An Israeli official says Prime Minister Netanyahu’s latest meeting with Russian President Vladimir Putin ended with Putin expressing understanding for Israel’s call for Iranian forces to be ejected from Syria.
In a Thursday interview with VOA Persian from Moscow, Netanyahu’s Arab media spokesman, Ofir Gendelman, said Russia “understands” Israeli concerns about the Iranian military presence in Syria.
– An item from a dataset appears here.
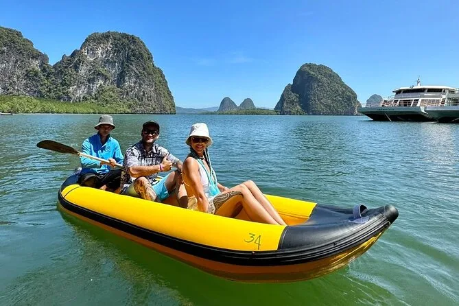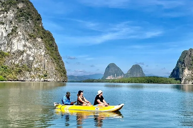 You’ll glide by private boat through Phang Nga Bay’s limestone islands, canoe hidden lagoons with your guide handling the paddling, explore Koh Panyee’s floating village for lunch, and walk on James Bond Island itself. Expect local snacks, cool drinks onboard, and plenty of quiet moments only broken by laughter or monkey chatter—leaving you with memories that stick long after you’re back in Phuket.

Netanyahu, who met with Putin in the Russian capital the previous day, told reporters before departing that he will not tolerate Iranian forces near the Israeli-occupied Golan Heights or anywhere in Syria.
Iran describes its military support for Syrian President Bashar al-Assad and Iranian-allied militant groups in Syria as part of an “axis of resistance” against Israel, whose destruction Tehran long has called for.
Israel, Russia relations 'very close'
Gendelman said Israeli relations with Russia are “very close” after what was the ninth meeting between Netanyahu and Putin in the last three years.
“There is continuous military cooperation between our military and the Russian military in Syria,” Gendelman said. “Nobody wants the conflict in this region to escalate further, and we all know that the Iranian regime plays a pivotal role in destabilizing it. This is why, in order to advance peace and security, we have to curtail Iranian aggression in Syria and elsewhere in the region.”
The Israeli and Russian militaries have been using a coordination mechanism to prevent potential clashes in Syria between their forces since 2015. Russia has stationed troops in Syria, a key regional ally, for decades.
'No problem with Assad regime'
In his briefing with reporters Thursday, Netanyahu said Israel has no intention to interfere in Syria’s civil war, either for or against Assad.
“We had no problem with the Assad regime. For 40 years, not a single bullet was fired in the Golan Heights (against Israel),” he said. Israel captured the western part of Golan Heights from Syria in 1967 and repelled Syrian forces that tried to take it back in 1973, when Bashar Assad’s late father, Hafez Assad, led the country.
The Israeli-Syrian cease-fire line in the Golan Heights had been quiet until recent years when occasional spillovers from the Syrian civil war began occurring. Israel routinely has retaliated for such incidents with cross-border strikes, as it did Wednesday when it attacked several Syrian military positions hours after shooting down what it said was a Syrian drone that entered Israeli airspace. Israel has insisted on a right to act freely in Syria against any perceived threat.
Israel also said it carried out several strikes on Iranian forces in Syria this year in response to Iranian rocket fire and an Iranian drone infiltration from Syrian territory. Iran denied responsibility for the drone and made no comment on the rocket fire. But Israel has declined to comment on Syrian reports of other suspected Israeli strikes targeting Iranian-allied militant group Hezbollah in Syria in recent years.
Several Israeli news outlets reported Thursday that Russia has been working to push Syria-based Iranian forces away from the Israeli-occupied Golan Heights. But it is not clear if Russia will press Iran to remove those forces from Syria completely as Israel has demanded. Russian state media reported no comment on that issue following the Putin-Netanyahu meeting.
This report was produced in collaboration with VOA’s Persian Service.